* [Your assignment] Transcribe only part of the material below: the lines from the one containing "脂の乗った人気のネギトロをお" through the one containing "under CC BY 4.0", inclusive, exactly as written.

____ Listed records

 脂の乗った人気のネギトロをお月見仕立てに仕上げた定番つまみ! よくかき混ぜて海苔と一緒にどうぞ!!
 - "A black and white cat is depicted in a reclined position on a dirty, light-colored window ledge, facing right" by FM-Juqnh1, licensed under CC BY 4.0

________
____ Listed records

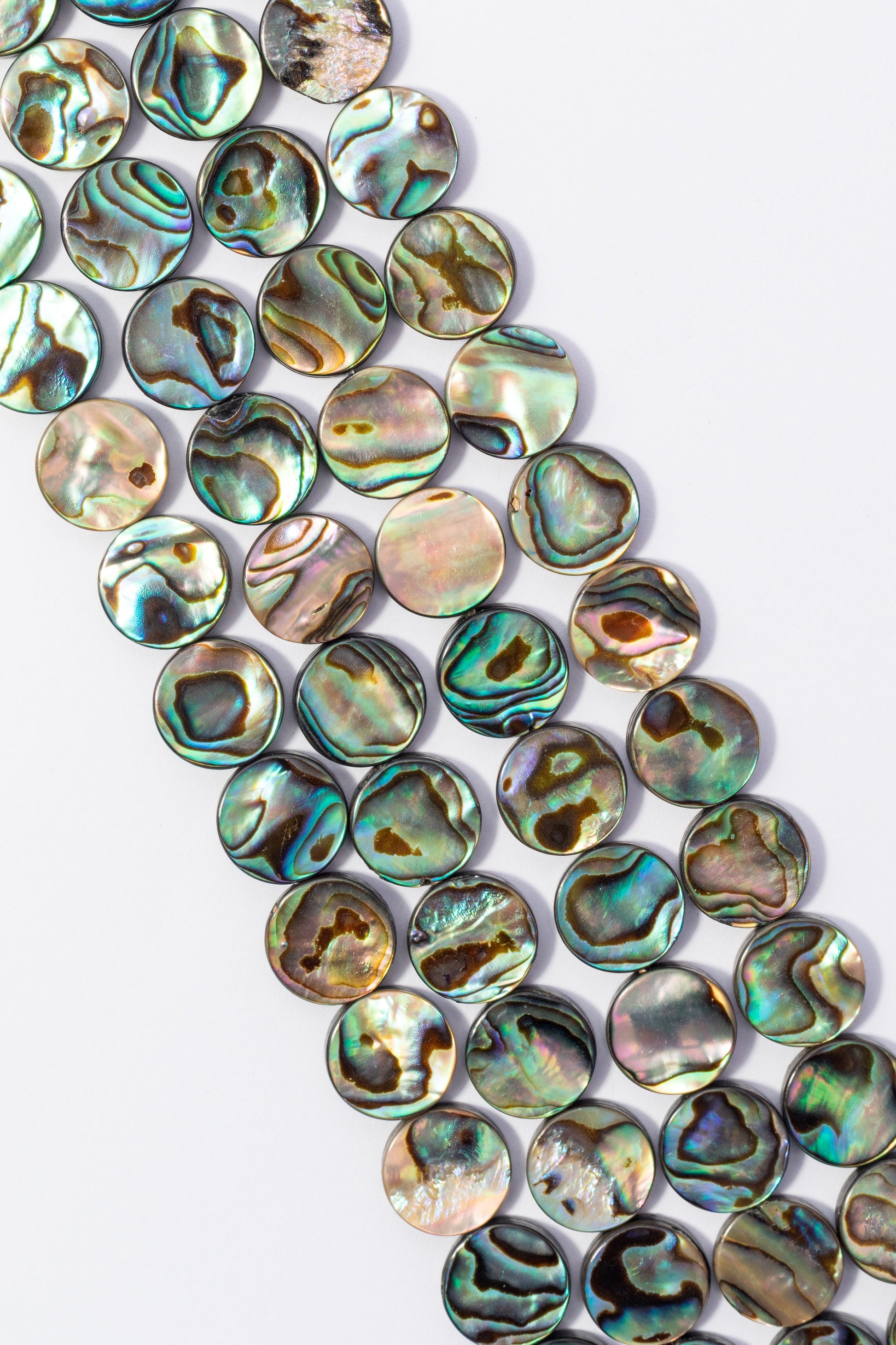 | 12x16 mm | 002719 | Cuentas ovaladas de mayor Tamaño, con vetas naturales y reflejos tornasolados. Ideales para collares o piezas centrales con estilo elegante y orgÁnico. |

________

* [Expected output]
 脂の乗った人気のネギトロをお月見仕立てに仕上げた定番つまみ! よくかき混ぜて海苔と一緒にどうぞ!!
 - "A black and white cat is depicted in a reclined position on a dirty, light-colored window ledge, facing right" by FM-Juqnh1, licensed under CC BY 4.0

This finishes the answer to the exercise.